Clifton David (Dave) Fuller, M.D., Ph.D. On the other hand, if we were seeing that there's, you know, aggressive swallowing dysfunction that needs to be remediated, sometimes you do have to put in a feeding tube just because you have to do it. So, I think that's kind of, philosophically, it's an adaptive strategy for every patient, and so you may have some knowledge of the 25% is a number for a group, right? But an individual has a binary risk that's their own. So, I guess, you know, one of the things that I would kind of also ask about or think about, you know we talk about these side effects, you're talking to a patient at the initial interview, you're doing their baseline assessment. It's not just we want you to swallow. Can you talk about some of the knock-on or secondary effects of swallowing dysfunction after therapy that you're trying to prevent? So, it's not just we want to avoid a feeding tube. What happens, what's the larger kind of scope of the impact?  

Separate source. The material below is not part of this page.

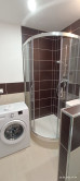 pod umývadlo, v obývacej izbe rozťahovací gauč, 1ks kreslo, stôl a obývacia stena.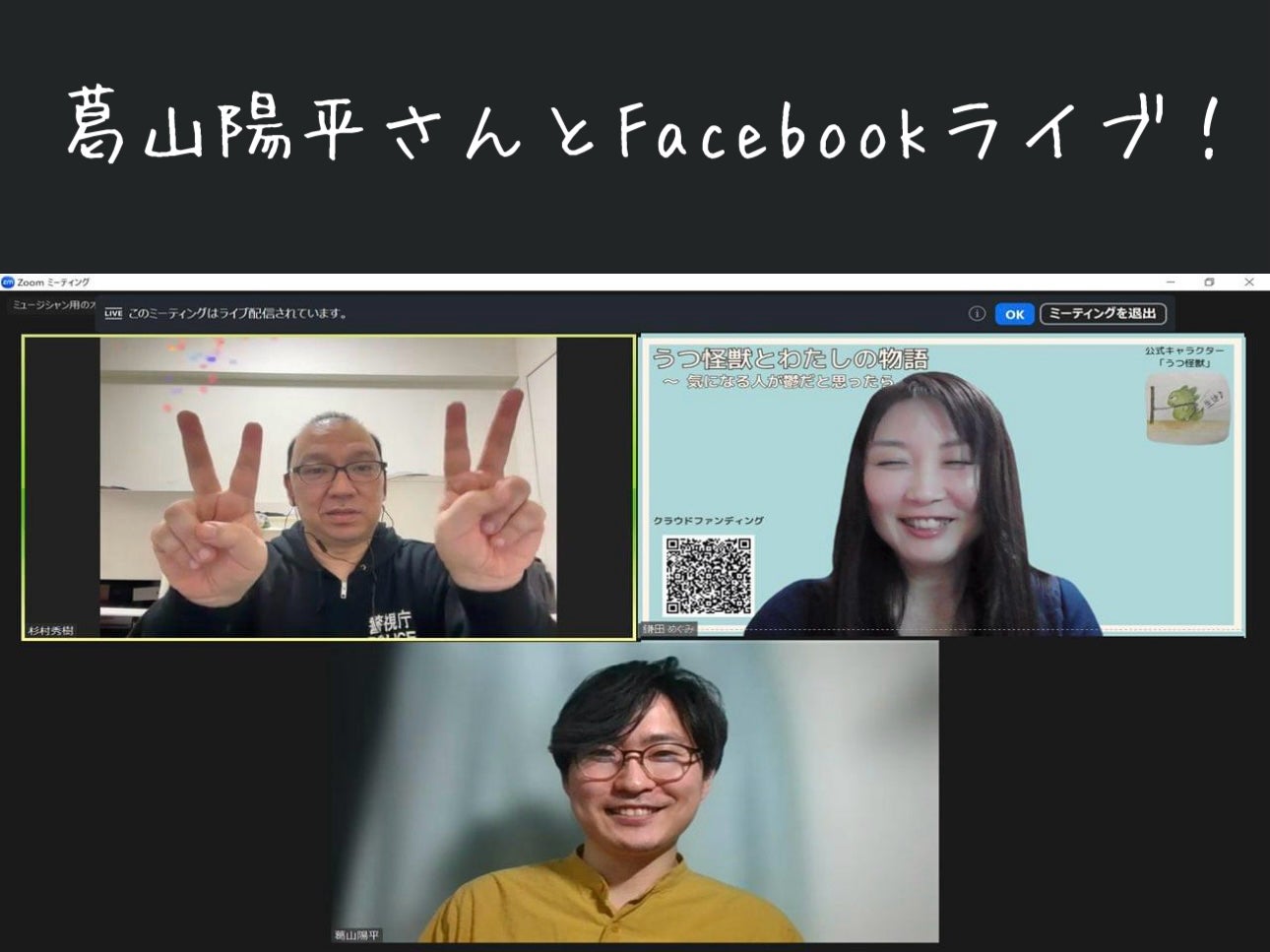 ファーストステージ達成記念葛山陽平さんとFacebookライブ開催!!#映画「うつ怪獣とわたしの物語」の真人の友人、佐藤役を演じていただきます。60分葛山陽平さんとお話して驚いたのは、むかしは人前で緊張していたそうです!!本読みで鎌田は葛山さんの演技を見惚れていたのでさらにびっくりでした!俳優、シンガーソングライター、脚本家、そしてイラストもかいてしまう。多彩な葛山さん。佐藤役を受けていただいたときの心境を「佐藤が実在の人物だと分かった時により気持ちが入った」とお話してくださいました。ますます、映画作成が楽しみです。葛山陽平さんありがとうございます!次回2/27Facebookライブ21:00~22:00のゲストは真人役の五十嵐洋さんです。お楽しみに。https://www.facebook.com/events/442293758317046/

Kate Hutcheson, Ph.D. I think you're talking about, you know, the impact of swallowing difficulties, both during treatment and after, and I think that I very regularly remind myself that we think about this from a clinical perspective, but that eating is part of this bigger sort of part of who we are. Like, we enjoy meals with friends and family. We enjoy the experience of eating, even if it's done by ourselves, because food tastes good. You know, so there's this whole part of it that it's really wrapped up into the enjoyment of everyday living and I'll leave that there and from a clinical perspective what I would say is that what we think about is that we know that individuals who have swallowing difficulty, even in mild degrees, will have elevated risk of secondary health problems, right? And they're sort of obvious if you think about the chain of how the swallow connects to everything else in our health but you know one would be malnutrition, micronutrient deficiencies. We've actually counter-intuitively recently found in a research study that patients who have really severe swallowing difficulty actually have better micronutrion intake, and we think it's because they have to consolidate and just eat what's healthy.  


Clifton David (Dave) Fuller, M.D., Ph.D. Yeah, yeah.  


Kate Hutcheson, Ph.D. So, sometimes there is a counter-intuitive.  


Clifton David (Dave) Fuller, M.D., Ph.D. Like a densification of their food.  


Kate Hutcheson, Ph.D. Yeah, like nutrient-dense, nutrient-dense smoothies or soups, because it takes a lot of effort to get it in, whereas you or I or somebody who has the luxury of eating well, we choose what we like, unless we're more disciplined. But the other aspect that I think is maybe less familiar to the general population is that swallowing also interacts very significantly with our respiratory health. Because one of the consequences of a swallowing problem can be aspiration, things going into the lungs when you eat and drink. When that happens in large volumes, it's uncomfortable. It causes you choking and coughing. But more frequently in our population, as you know, is the development of chronic small volume aspiration where a little bit of what you're swallowng is going the wrong way most of the time. And that over time can lead to an elevated risk of aspiration pneumonias. Aspiration pneumonias lead to hospitalizations, and those survivors we've seen in population-level data who develop aspiration pneumonia have an elevated risk of death compared to their peers who don't develop that problem. So, part of why we get in there to try to intervene early and sort of preserve the swallow is because we all enjoy eating and we wanna help facilitate that enjoyment for our patients, but the other part is that we want them to avoid these secondary complications of their cancer that are related to side effects and not the disease itself.  


Clifton David (Dave) Fuller, M.D., Ph.D. I think that's I think it's so critical because you know, we've we've also seen in in data that especially for patients who've lost muscle mass, the placement of feeding tube seems to be a co-factor that's related to greater risk of cancer and non-cancer death, right? So, you know, it's got effects, it's got effects that go far beyond just, you know, what's happening on treatment. And I think sometimes it's very important when we meet with patients in those initial interviews to emphasize how important this is because it's over an incredibly long period of potential survival for many of these patients. So, we're trying to say, you know, 'Hey, it would be easier if you had a feeding tube. We wouldn't have to have you do these swallowing exercises and give you this pain management and do all these things. But the reason that we're doing this is because we have a vision of you as a survivor. We are already projecting into your feature state a assessment of your risk and we want to protect you from these long-term side effects of swallowing dysfunction that are much, much bigger than just, I'm not eating during the six weeks of radiation,' right? That there's this immediate interval, but we're thinking about that long- term window. And so, I think that becomes something, at least as a clinician, really important because then when we're looking at something like the PRO-ACTIVE trial, how does that guide, how does it help us think about what we should do in an interventional manner to optimize care for these patients over the long term. And there's, you know, I think it's, if you could lay out the premises of the trial, because it's something that there's some ambiguity about, right?  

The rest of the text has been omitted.